"The Power of Four" is a joint anthem composed for the British & Irish Lions rugby union team. It was written by Neil Myers in 2005. It was commissioned by the Lions head coach, Sir Clive Woodward for the 2005 British & Irish Lions tour to New Zealand as the official song. It was intended to be a universal anthem for the British & Irish Lions to be sung before every game. However it was criticised as being uninspiring as members of the Lions squad did not engage with it and it was also noted that the fans did not like it. It was dropped as the Lions anthem after the 2005 tour and led to changes in the way music would be chosen in future Lions tours.

Background 
The Lions were originally a representative team of the United Kingdom of Great Britain and Ireland, but players from the Irish Free State remained eligible after it left the U.K. in 1922. Donal Lenihan recalled his dissatisfaction that the U.K. anthem "God Save the Queen" was played during the 1989 tour to Australia. Later Lions teams lacked any anthem. There was similar discontent among Northern Ireland players about the use by the Ireland national team of "Amhrán na bhFiann", anthem of the Republic of Ireland. This led the Irish Rugby Football Union to commission "Ireland's Call" in 1995 as an alternative.

2005 Lions Tour 
The Power of Four was commissioned by Sir Clive Woodward for the 2005 British & Irish Lions tour to New Zealand and was written by Neil Myers. It was recorded by the Melody Music Lions Choir. The song is a classical composition played in a high key. It was first performed live by Welsh singer Katherine Jenkins before the British & Irish Lions rugby union match against Argentina at the Millennium Stadium in Cardiff, Wales in 2005. it was performed despite suggestions of either God Save the Queen, the Welsh national anthem Hen Wlad Fy Nhadau or a combination of the anthems of the Home Nations of England, Wales, Scotland and Ireland being played instead of The Power of Four. It is always sung in English.

Before the British & Irish Lions squad was selected, Woodward sent out bracelets with "The Power of Four" printed on them to potential British & Irish Lions players to try and create a sense of unity and to make them think about the upcoming tour to New Zealand. This was criticised as being "crazy". The Power of Four was also used as a motivational slogan in some of the Lions' team building activities.

The lyrics of The Power of Four were circulated to all of the members of the British & Irish Lions tour squad and the song was pre-added to the playlists on their tour iPods. The song was not released as a single however it was permitted to be broadcast by radio stations and it was made available to download on the Internet. The British & Irish Lions players were shown the words of The Power of Four on the Saturday before their first game and it was expected that they would know the words by the time they had arrived in New Zealand; however, it was mentioned by a British & Irish Lions spokesman that the players were under no obligation to sing it.

Reception
The BBC opined during the Lions' warm-up game against Otago that it was not inspiring for the Lions supporters to sing.
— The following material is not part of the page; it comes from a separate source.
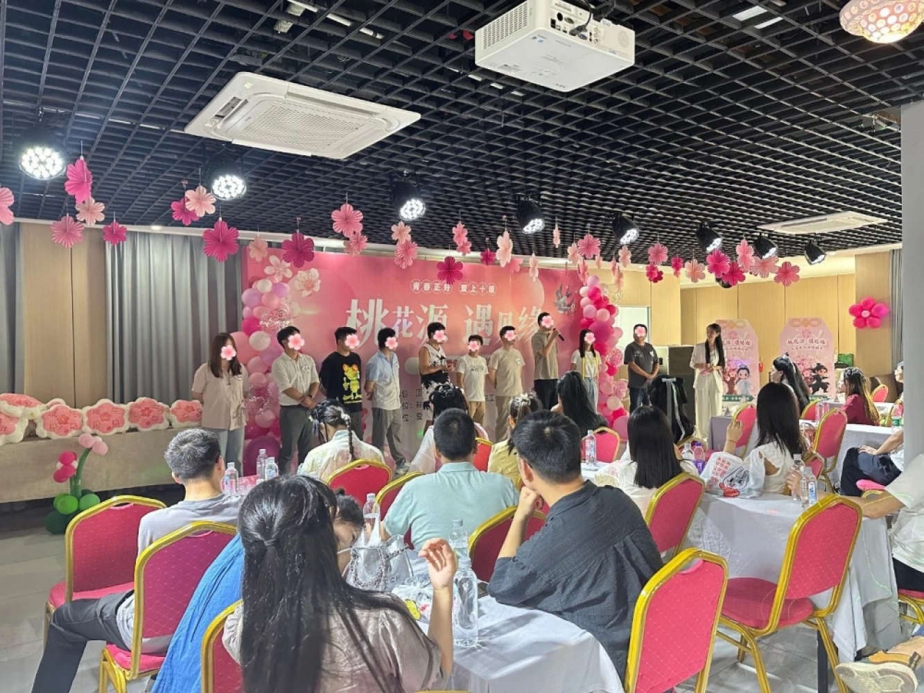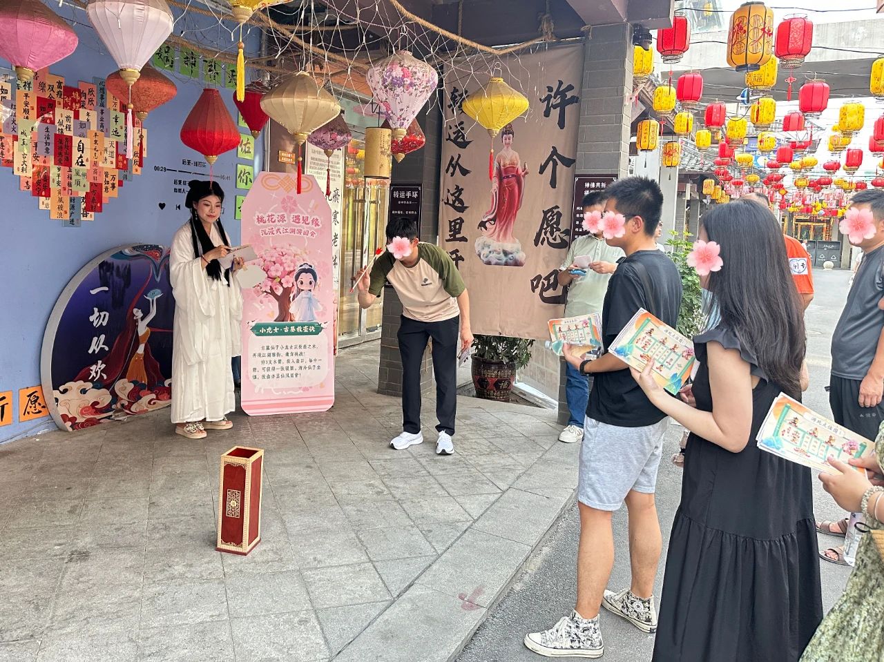 活动以“古风邂逅+青春社交”为核心,以“桃花源”IP为载体,特别策划缘分墙寻缘、线下相亲会、沉浸式江湖游园会、桃花仙子古风说媒会四大环节,来自全市机关企事业单位、新兴领域等120余名青年才俊齐聚一堂,共赴这场初夏的心动之约。

Austin Healey observed that the players did not appear to like "The Power of Four" ("Power") when it was performed.

Before the first Test match, it was noticed that despite Lions fans being filmed singing "Power", none of the players did sing it when it was played as the Lions anthem before God Defend New Zealand. It was also noted that Lions fans felt that "Power"  was not catching on and some even suggested that Axel F would be better than "Power". It was also suggested that due to a perceived selection bias towards English members of the Lions, that Land of Hope and Glory should be used instead of "Power". The Lions' acting captain Martin Corry said that he did not attempt to sing "Power" because he felt that he would not be able to reach the correct notes. In 2009, Lions lock Alun Wyn Jones said that "I'd rather sing "The Power of Love" when asked if he would want to sing "The Power of Four".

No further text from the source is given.